Together we viewed a video of the birth of Omysha at Zoo Zürich.61 Omysha’s birth was very different from Hansa’s at the Woodland Park Zoo. Instead of a lone mother assisted by zookeepers wielding suction hoses, Omysha’s mother gave birth in the presence of two elephant aunties who assisted with the birth. In the video, it is elephants and not humans who care for the future generation; the adult females can be seen kicking the baby forcefully after the birth, trumpeting and growling, seemingly to get Omysha out of the placental sack and make sure she is breathing. For Rübel, although zoo elephants will never reenter the wild and become part of the genetic or behavioral diversity found there, the wild provides standards for elephant behavior. Allowing elephants to practice this unassisted birthing behavior is a way for the zoo to create a good environment for elephants.

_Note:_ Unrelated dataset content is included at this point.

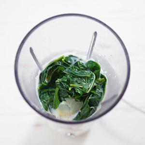 3.2のじゃがいもとモロヘイヤ、無調整豆乳、水をミキサーに入れ、なめらかになるまでかける。
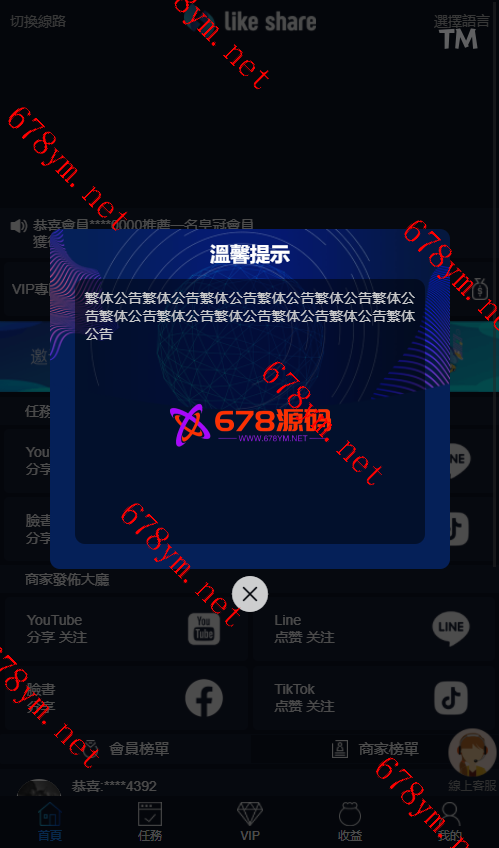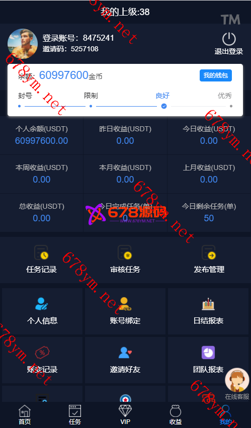 前台:首页可领取脸书tiktok等点赞关注任务!任务等级分为七种,每种等级领取的任务数量各不同。三级分销,没级代理各不同。可查看个人信誉度。

Rübel was inspired to attend to wellness by his extensive prior experience with elephants who had lived and died in less than ideal ways. He was the clinician who was called to attend to Lohimi, the three-year-old Asian elephant from Circus Knie in Switzerland who, in 1988, was the first identified death from EEHV in the world. Rübel took Lohimi’s case history and observed blood leaking from her eyes and mouth. He did not suspect a virus at the time, he told us; he believed he was witnessing some kind of catastrophic heart failure. Prior to Lohimi’s death, herpesvirus in elephants was known morphologically through surface skin lesions and by intranuclear inclusion bodies in the lungs of African elephants. These were understood as signs of the widespread prevalence of herpes infection in African elephants, but there were no known histories of death from herpes, and it wasn’t known in Asian elephants. When Rübel was called to tend to Lohimi, she was showing signs of depression and having trouble moving her trunk after performing in a morning parade and eating her lunch as normal. Just two hours after the onset of symptoms, she collapsed and died.62

Zoo Zürich has experienced two deaths from EEHV: Xian in 1999 and Aishu in 2003. But there are other consequential forms of mortality at work here. In 1995, an elephant trainer was killed in an attack by the elephant Komali. When elephants attack, which happens three or four times a year in Europe and North America, the elephant is often euthanized, as Komali was at Zoo Zürich. Kaeng Krachan’s innovative architecture was designed to create spaces of well-being in times of loss and extinction, where humans can reestablish their lost bonds with animals, keepers are safe, and elephants can thrive. Perhaps, along the way, the relationship between the elephant and the herpesvirus could be modified so that juvenile elephants survive.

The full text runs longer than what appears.